Photo: Australian National Botanic Gardens


                                                                                                                                                                                                         Photo: Ian Clark

Eucalypts are at the center of many Australian ecosystems, and numerous organisms have lifestyles that include some type of interaction with these plants.  The first organism that comes to mind for many is Phascolarctos cinereus, the koala, which feeds exclusively on eucalyptus leaves, preferring the leaves of the red, grey, manna, and swamp gums.  However, many more complex webs of life are anchored to these trees.

As the eucalypts adapted to become the dominant vegetation of the Australian bush and forest landscapes, an open, spacious type of arboreal environment emerged.  This is an ideal place for the yellow-bellied glider, Petauris australis, to swoop from tree to tree, feeding on sap and dwelling in hollow stumps.  The trees are primary producers, and their leaves provide Nutrition to many herbivorous insects, which in turn are an energy source for insectivores such as owls, bats, and spiders.  A common parasite in these forests, mistletoe, grows near the tops of the trees and extends its roots into the tree’s branches and saps nutrients.  Interestingly, the mistletoe is a favorite nursery for some species of blue butterflies.

The leaves of eucalypts are rich in oil, with E. dives being one that is commercially exploited, and within these oils are special toxins designed to reduce predation.  However, certain herbivorous mammals, like the koala and the common brushtail possum Trichosurus vulpecula, have livers adapted to protect them from these toxins. 

Photo (left): David Cook Wildlife Photography


Some species of insects lay eggs on the eucalyptus leaves, and when the insect larvae hatch and begin feeding on the leaves, they form protective body casings called lerps.  These lerps are composed of leaf material that the larvae could not digest, and bell miner birds (Manorina melanophrys) find them irresistible.  Groups of bell miners have even been seen vigorously defending lerp territory.

                                                                                                                                         Photo: Michael Dawes

Human Impact

Eucalyptus as a genus has enormous economic and physiological significance to humans.  The fast-growing trees, particularly the giant E. regnans, have been an important source of timber for over a century in Australia.  Eucalyptus diversicolor was especially prized as a ship-building hardwood because it has a natural resistance to termites and teredo, or “shipworms” (a species of clam).  The timber trees are also a renewable source of firewood, and the flowering E. globulus is a preferred foraging tree for bees.

Photo: Australian National Botanic Gardens.
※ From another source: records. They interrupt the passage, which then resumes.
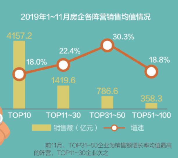 中指研究院数据显示,今年前11月,TOP10房企销售额均值为4157.2亿元,销售额增长率均值为18.0%;TOP11~30企业销售额均值为1419.6亿元,增长率均值为22.4%;TOP31~50企业、TOP51~100企业的销售额均值分别为786.6亿元和358.3亿元,增长率均值分别为30.3%和18.8%。
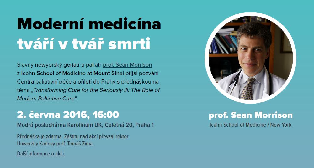 - Přidat do kalendáře: 2016-06-02 16:00:00 2016-06-02 23:59:59 Europe/Prague Moderní medicína tváří v tvář smrti Zveme vás na přednášku slavného geriatra a paliatra prof. Seana Morrisona z Icahn School of Medicine v New Yorku. Modrá posluchárna Karolinum UK, Celetná 20, Praha 1
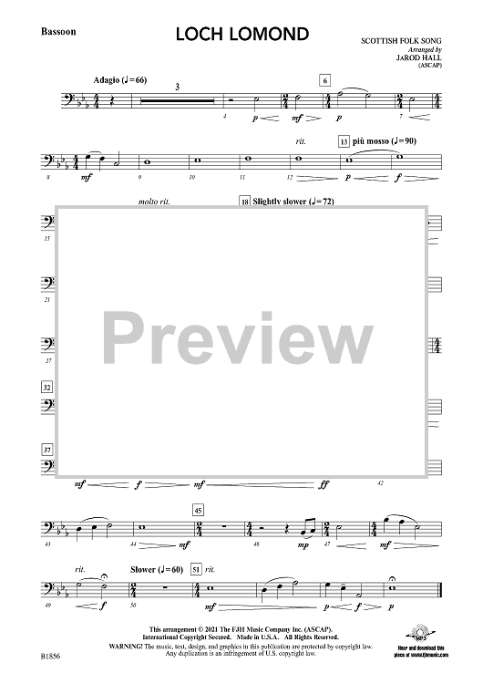 Digital Sheet Music for Loch Lomond - Bassoon by Scottish Folk Song, JaRod Hall scored for Concert Band; id:499664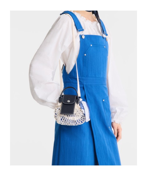 LONGCHAMP Le Pilage顶置手柄网纱设计 纯棉 单肩包 迷你 女款 海军蓝色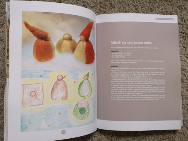 Le livre propose également plusieurs tutoriels de créations artisanales : poupées en laine, famille hérisson au tricot, nains en laine feutrée….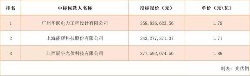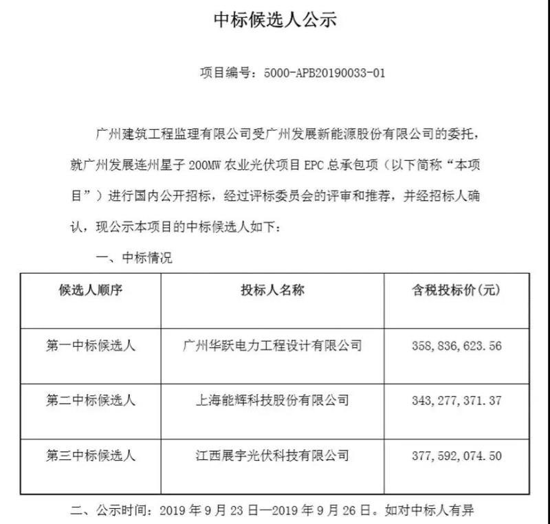 同日,廣州發(fā)展連州星子200MW農(nóng)業(yè)光伏項目公示了EPC總承包中標(biāo)候選人。廣州華躍電力工程設(shè)計有限公司以單價1.79元/瓦位列第一中標(biāo)候選人,詳情如下: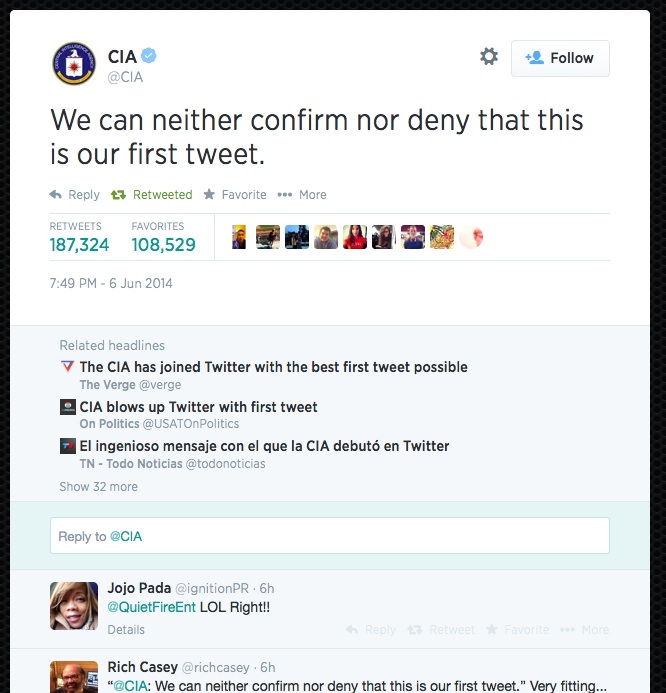 07/06/2014CIA in Twitter – njihov prvi tvit je #topshit O tem kaj vsebuje dober tvit in kako ga napisati sem že pisal. Kljub temu, da je teorija…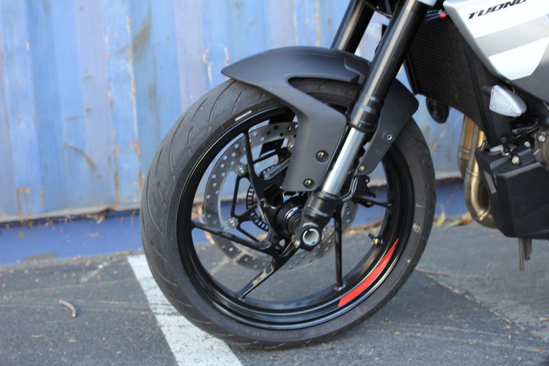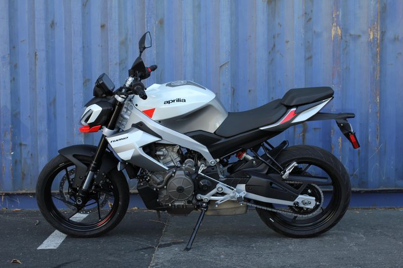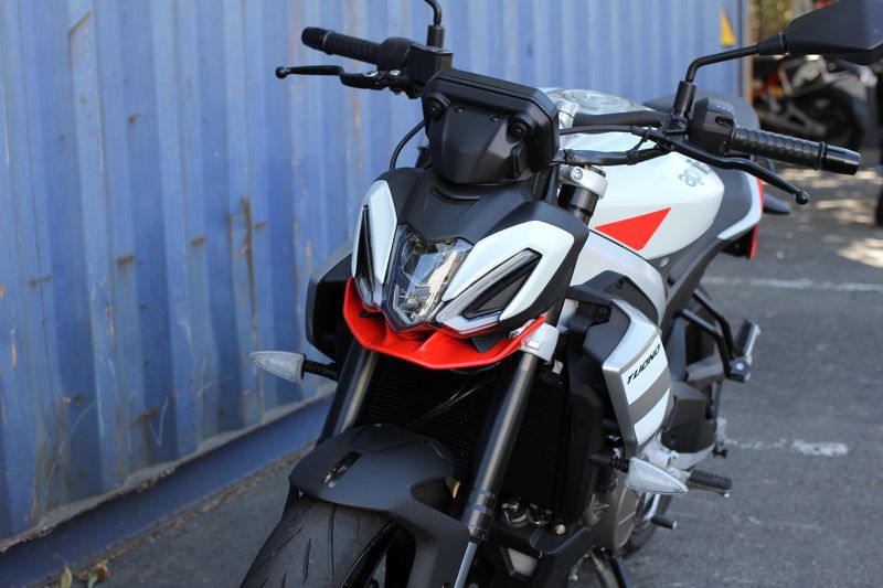 The Tuono 457 is pure adrenaline. The accelerator that unleashes your most authentic emotions via unparallelled energy, rebellious style and technology that is simply the best. The Aprilia Tuono 457 is a true naked bike that maintains all the key characteristics of the Aprilia Tuono, the fun bike to beat all fun bikes. Featuring an improved power-to-weight ratio that allows it to be ridden with an A2 licence, it is designed for a new wave of young motorcyclists just like you: passionate, skilled riders who demand top performance and total fun.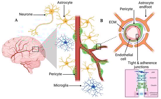 A schematic presentation of the NVU and the BBB are shown in Figure 1. The NVU is a crucial anatomical and functional unit that safeguards the homeostasis and optimal functioning of the central nervous system (CNS) [24]. Comprising several cell types, the NVU forms an interactive and dynamic system with its cellular constituents (Figure 1A). Neurons, the principal functional entities orchestrating signal transmission throughout the nervous system, are essential for the NVU [25]. Their close interaction with astrocytes, star-shaped glial cells, is pivotal for maintaining extracellular ion balance, facilitating synaptic transmission, and regulating CBF [26]. Microglia, the CNS’s resident immune cells, continually patrol the neural milieu and are ready to respond to alterations or threats [27]. Microglia participate in inflammatory responses and contribute to the NVU’s overall functionality by interacting with other cellular entities, including neurons and astrocytes [28].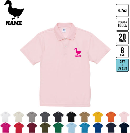 アヒル 名入れドライポロシャツ 半袖ポロシャツ おしゃれポロ お名前入り フィットネス ジムウェア プラクティスシャツ 運動着 家鴨、Duck ジョギング オリジナルポロシャツ イベントグッズ お揃いウェア チームウェア クラスシャツ 記念シャツ お揃いウェア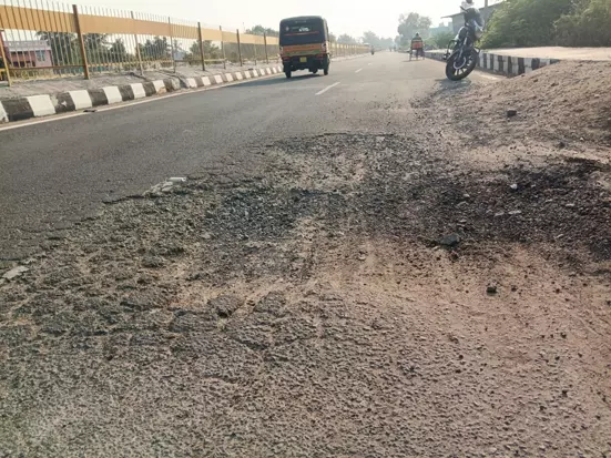 அணுகுச்சாலையில் ஆபத்தான பள்ளம்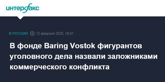 Москва. 12 февраля. INTERFAX.RU - В инвестфонде Baring Vostok назвали "единственно верным" решение Мосгорсуда перевести под домашний арест партнера фонда Вагана Абгаряна, директора компании по инвестициям Ивана Зюзина и бывшего гендиректора "Первого коллекторского бюро" (ПКБ) Максима Владимирова, обвиняемых в растрате средств банка "Восточный".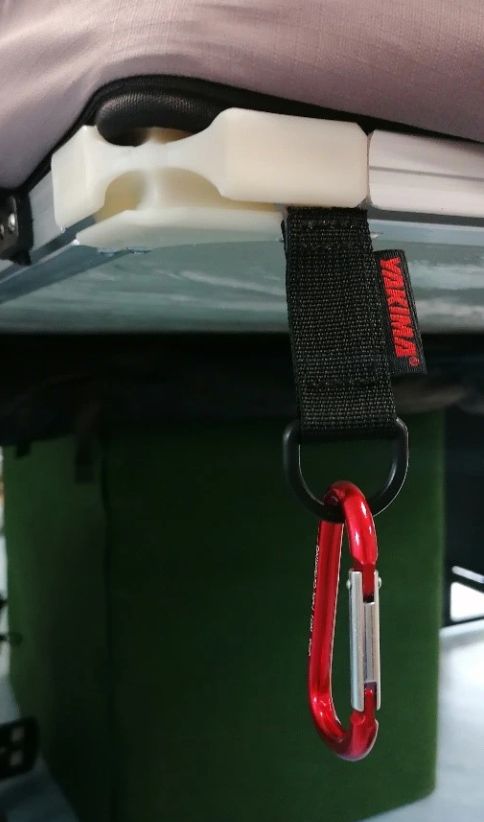 Karabínka sa ľahko zasunie do koľajničky SideTrack™, ktorá obieha po obvode stanu Yakima SkyRise, a môžete ju ľubovoľne posúvať.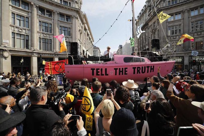 LONDON: Film star Emma Thompson joined climate change activists in a central London shopping district on Friday to read poetry praising Earth’s bounties, part of five days of protests which clogged the British capital with transport snarl-ups.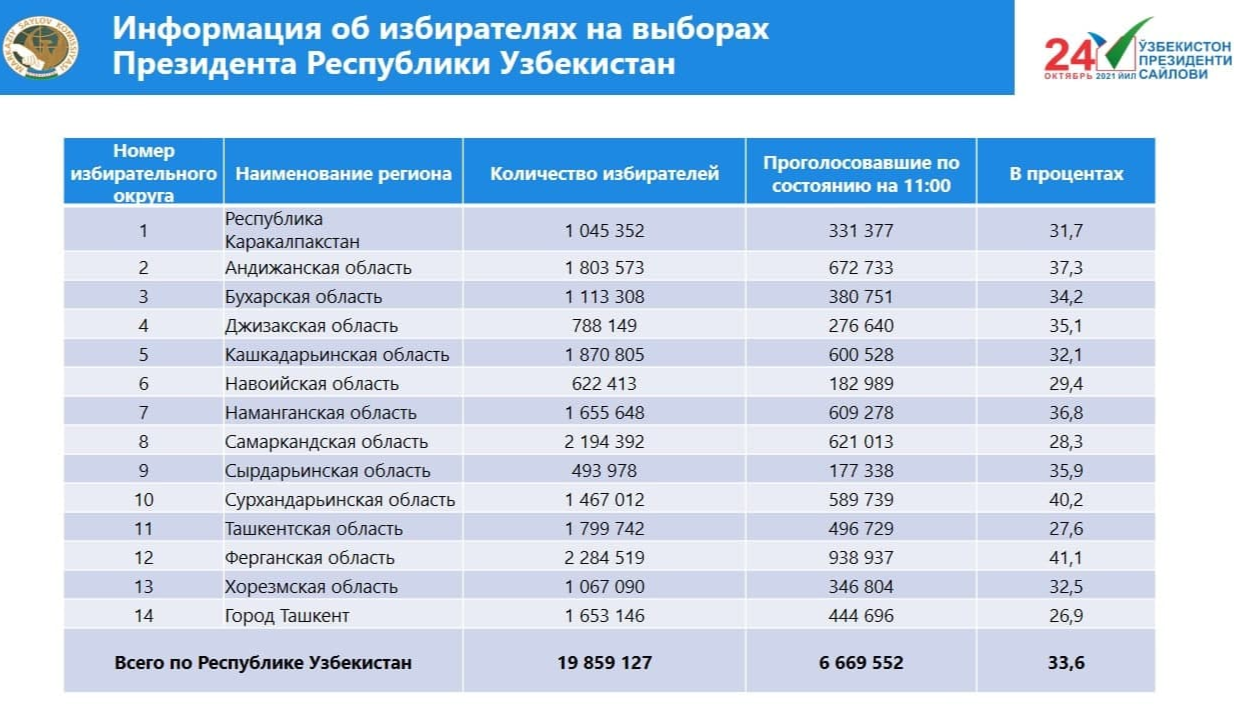 "По данным электронной системы, фиксирующей явку избирателей, на 11.00 на избирательные участки пришло 6 669 552 избирателей, или 33,6% зарегистрированных избирателей", - сказал заместитель председателя ЦИК Бахром Кучкаров. На выборах президента в 2016 году явка на 11.00 местного времени составляла 33,73% избирателей.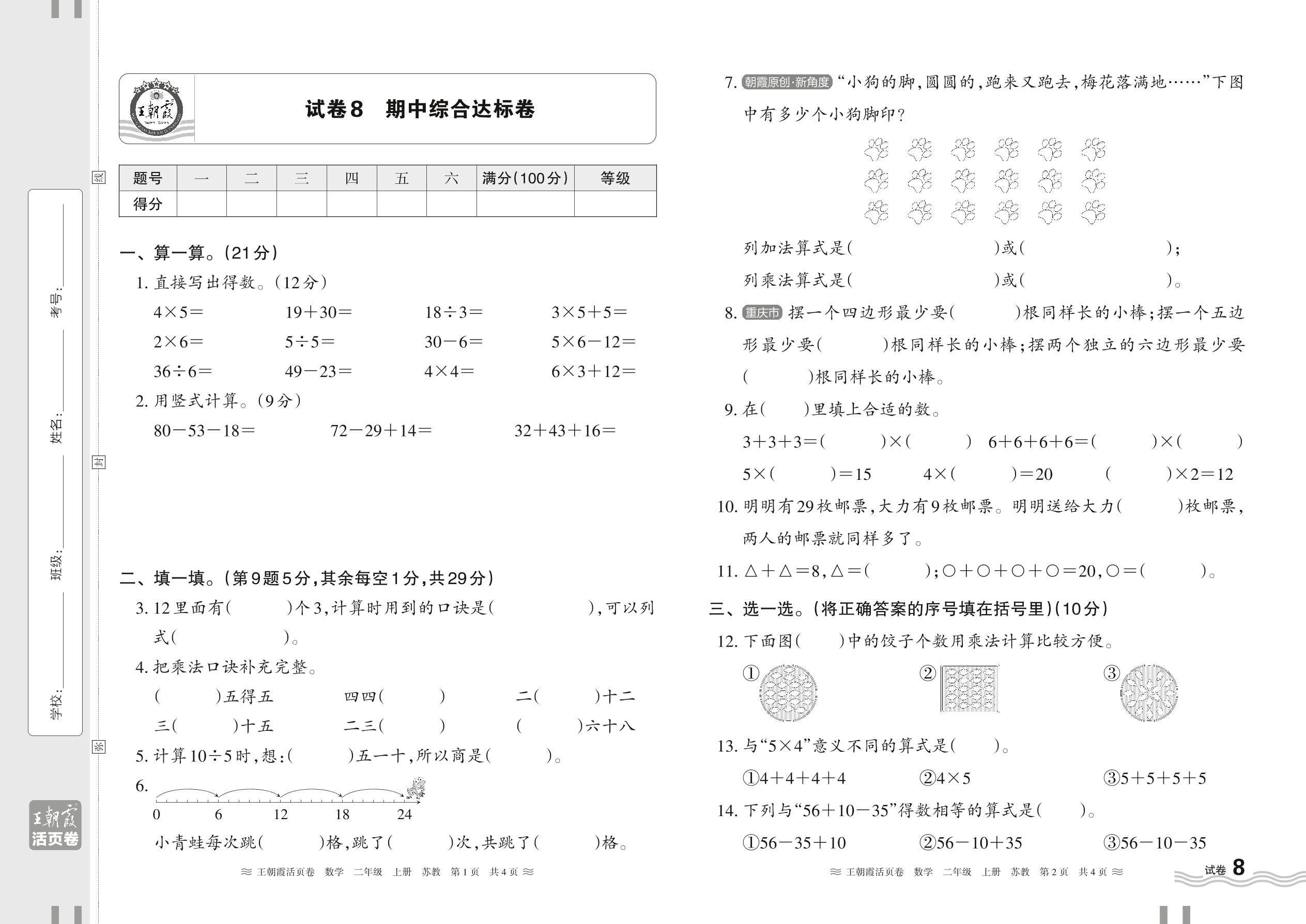二年级数学苏教版上册期中卷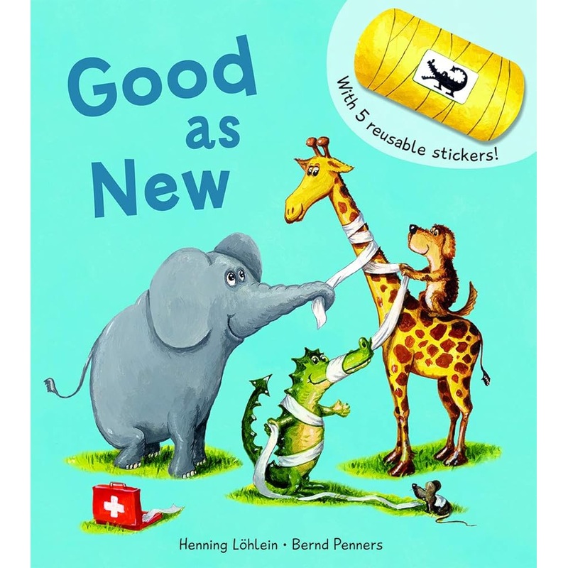 Giraffe hurt his neck and Elephant hit her knee … but a cast makes it better. Young readers will eagerly use the reusable stickers to help make the animal friends “feel better too.”

Macdonald, C.

In addition, eucalyptus leaves are a source of eucalyptus oil, with E. dives being a tree commercially cultivated for this product.  The relative chemical compositions of the oils vary by species, but E. dives is rich in a compound called eucalyptol (or cineole).  This biological compound has numerous medicinal properties.  It can be used as an anesthetic and antitussive, making it a good ingredient for cough drops, and as a decongestant and expectorant, eucalyptol may appear in many over-the-counter cold medicines.  Some mouthwash formulas list eucalyptol as an ingredient because, as an antihalitosic, it fights bad breath.  Interestingly, eucalyptol has also been used as an antiseptic (a chemical that prevents microbial growth), as an antihelmintic (used in treating parasitic worms), and as a hypotensive agent (for lowering blood pressure).  The aboriginal peoples native to Australia have also used the leaves from the broad-leaf peppermint to make a tea to treat fevers.  The oil from E. dives also contains a-terpineol, an aromatic alcohol, making it popular on the fragrant essential oil market.